WORK TO BE COMPLETED: Starting with the line that has "Timeline concept: Tablet" and finishing with the line that has "We've blended our", set down each line below exactly. Pictures are not copied.

INPUT DATA:

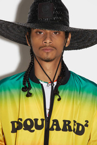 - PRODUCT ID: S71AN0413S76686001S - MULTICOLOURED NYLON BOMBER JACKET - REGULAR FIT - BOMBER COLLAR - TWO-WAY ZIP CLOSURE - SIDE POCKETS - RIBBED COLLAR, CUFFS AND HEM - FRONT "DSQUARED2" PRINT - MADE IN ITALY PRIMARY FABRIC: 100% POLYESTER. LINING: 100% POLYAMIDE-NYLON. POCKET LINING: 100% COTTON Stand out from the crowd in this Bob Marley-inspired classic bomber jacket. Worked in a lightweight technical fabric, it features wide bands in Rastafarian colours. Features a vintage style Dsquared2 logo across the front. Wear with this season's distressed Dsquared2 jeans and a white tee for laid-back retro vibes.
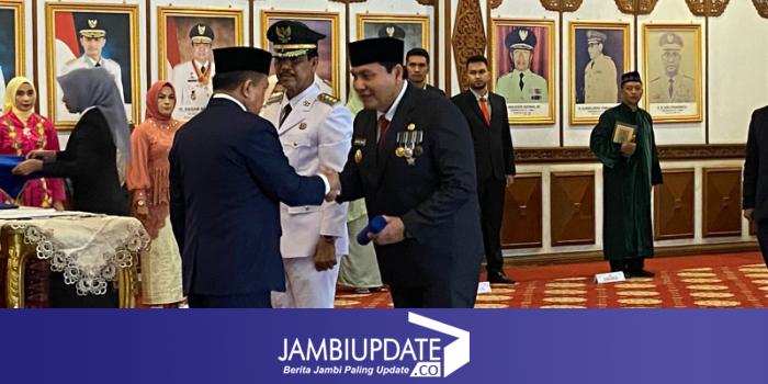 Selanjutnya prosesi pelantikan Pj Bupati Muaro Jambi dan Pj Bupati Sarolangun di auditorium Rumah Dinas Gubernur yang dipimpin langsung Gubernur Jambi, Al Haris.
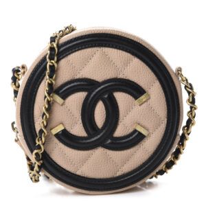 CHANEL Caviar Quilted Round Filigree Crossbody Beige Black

--

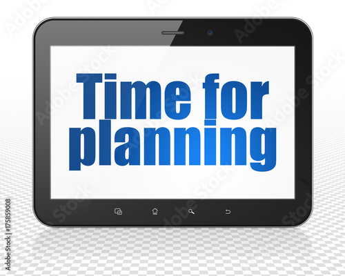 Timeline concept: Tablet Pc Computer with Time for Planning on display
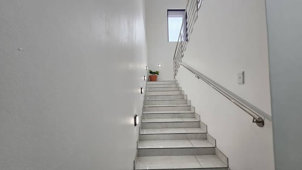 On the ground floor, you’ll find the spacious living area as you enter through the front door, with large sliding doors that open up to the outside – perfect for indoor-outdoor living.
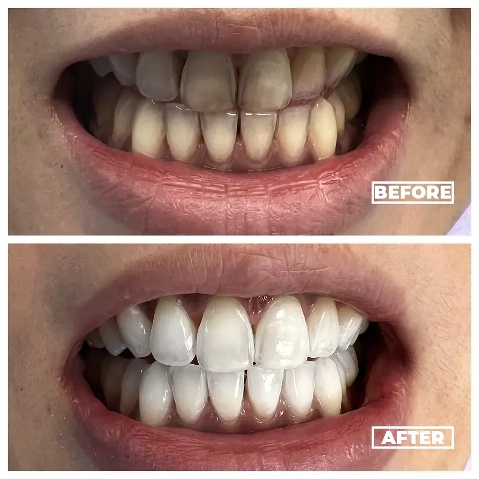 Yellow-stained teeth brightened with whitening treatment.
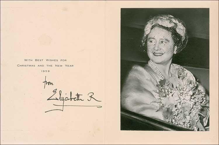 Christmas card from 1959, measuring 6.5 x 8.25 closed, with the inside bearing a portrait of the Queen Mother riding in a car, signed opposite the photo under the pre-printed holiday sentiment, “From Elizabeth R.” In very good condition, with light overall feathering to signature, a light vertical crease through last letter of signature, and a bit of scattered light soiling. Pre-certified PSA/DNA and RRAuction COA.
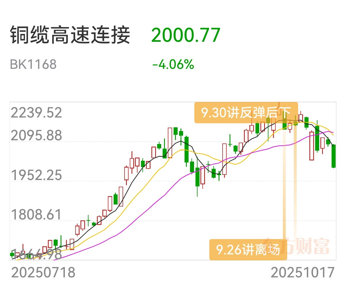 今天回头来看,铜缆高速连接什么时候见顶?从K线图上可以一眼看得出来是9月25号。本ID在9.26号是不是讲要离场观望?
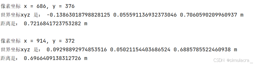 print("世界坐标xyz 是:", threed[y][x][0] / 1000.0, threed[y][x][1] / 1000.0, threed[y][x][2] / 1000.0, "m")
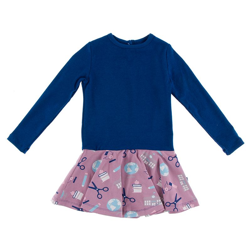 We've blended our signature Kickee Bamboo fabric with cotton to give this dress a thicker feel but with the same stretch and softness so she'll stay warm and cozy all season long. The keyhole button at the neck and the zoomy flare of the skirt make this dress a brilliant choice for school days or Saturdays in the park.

SOLVED EXERCISE:
 Timeline concept: Tablet Pc Computer with Time for Planning on display
 On the ground floor, you’ll find the spacious living area as you enter through the front door, with large sliding doors that open up to the outside – perfect for indoor-outdoor living.
 Yellow-stained teeth brightened with whitening treatment.
 Christmas card from 1959, measuring 6.5 x 8.25 closed, with the inside bearing a portrait of the Queen Mother riding in a car, signed opposite the photo under the pre-printed holiday sentiment, “From Elizabeth R.” In very good condition, with light overall feathering to signature, a light vertical crease through last letter of signature, and a bit of scattered light soiling. Pre-certified PSA/DNA and RRAuction COA.
 今天回头来看,铜缆高速连接什么时候见顶?从K线图上可以一眼看得出来是9月25号。本ID在9.26号是不是讲要离场观望?
 print("世界坐标xyz 是:", threed[y][x][0] / 1000.0, threed[y][x][1] / 1000.0, threed[y][x][2] / 1000.0, "m")
 We've blended our signature Kickee Bamboo fabric with cotton to give this dress a thicker feel but with the same stretch and softness so she'll stay warm and cozy all season long. The keyhole button at the neck and the zoomy flare of the skirt make this dress a brilliant choice for school days or Saturdays in the park.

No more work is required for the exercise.